2 Exercises with Forces -- dogs pulling a sled

[albertus50]

Homework Statement

2 dogs are pulling a sled at a constant speed. The movement is happening on a horizontal flat surface. The Sled weighs 150kg. The cinetic frictional coefficient on the snow is 0.05.
Determine the tension force on the leash of each dog.

Relevant Equations

The teacher has not given us any exact equations we need to use but i know we used f = mu N. However, any formula used is fine, i am ready to understand the formula as long as the answer is right.

Hello ! we have recently been given the exercice stated above, along with a diagram that i inserted as a picture.The problem i have with this exercice is that i am not quite sure whether my idea about how to do it was right.
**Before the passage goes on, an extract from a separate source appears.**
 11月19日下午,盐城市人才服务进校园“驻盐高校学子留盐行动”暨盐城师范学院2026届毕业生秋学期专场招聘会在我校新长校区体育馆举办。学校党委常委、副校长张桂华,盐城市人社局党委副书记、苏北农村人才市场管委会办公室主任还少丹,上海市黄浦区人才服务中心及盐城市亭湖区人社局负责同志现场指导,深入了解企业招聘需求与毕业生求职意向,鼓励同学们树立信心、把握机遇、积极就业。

I was thinking about replacing the normal force (N) in the F= mu x N formula by the gravitational force of the sled because from what i understood it is equal to the gravitational force except it points up. Except, now that i know the friction force i do not know how to proceed because i can not Newton's second law as i don't know the acceleration, and thus i do not know how to find the force that the 2 dogs are using to pull the sled. Thank you for reading and thank you in advance for your help!

 

[TSny]

i can not Newton's second law as i don't know the acceleration

Information about the acceleration is contained in the statement:

2 dogs are pulling a sled at a constant speed.

 

[albertus50]

Allow me to correct myself: there is no acceleration so I can not use F=MA if I could I would just substract the friction force but without that I have no idea how to proceed

 

[TSny]

Allow me to correct myself: there is no acceleration so I can not use F=MA if I could I would just substract the friction force but without that I have no idea how to proceed

F = MA is still applicable when the acceleration is zero.
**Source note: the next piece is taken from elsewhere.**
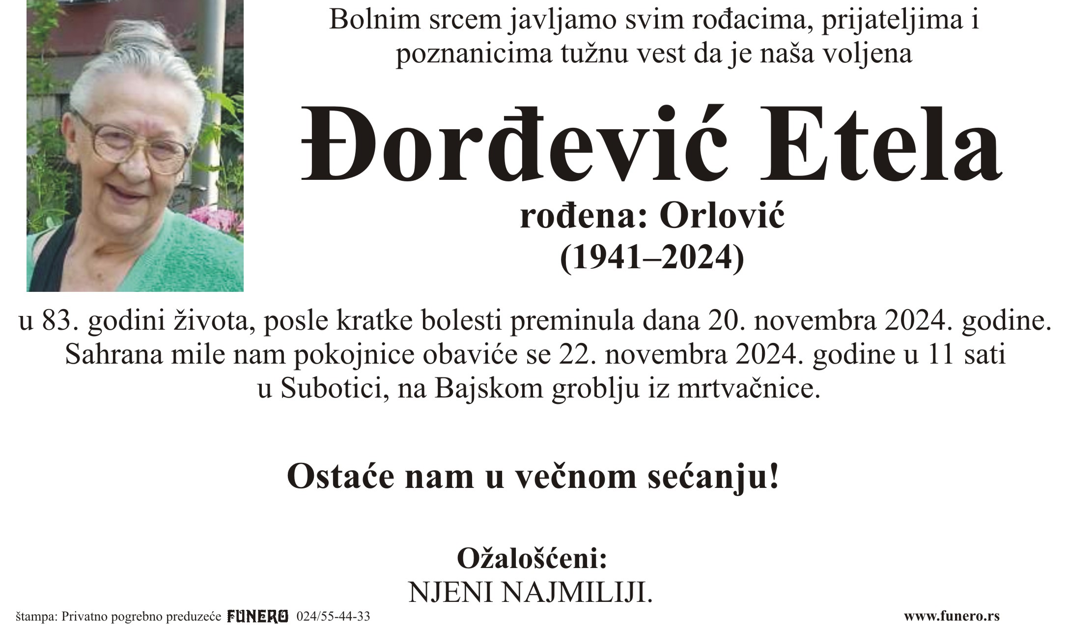 U 83. godini preminula je Etela Đorđević iz Subotice, iz ulice Eugena Kumičića. Sahrana je 22. novembra u 11 sati na Bajskom groblju iz mrtvačnice.

This is a problem where vectors are involved. The second law in vector form is $\vec F_{\rm net} = m \vec a$. This is often written as $\sum \vec F = m \vec a$. If you introduce a Cartesian coordinate system, you can write the vector equation as three separate component equations: $$\sum F_x = m a_x$$ $$\sum F_y = m a_y$$ $$\sum F_z = m a_z$$

 

[TSny]

I recommend applying the second law twice: once for the sled and once for the knot where the ropes come together.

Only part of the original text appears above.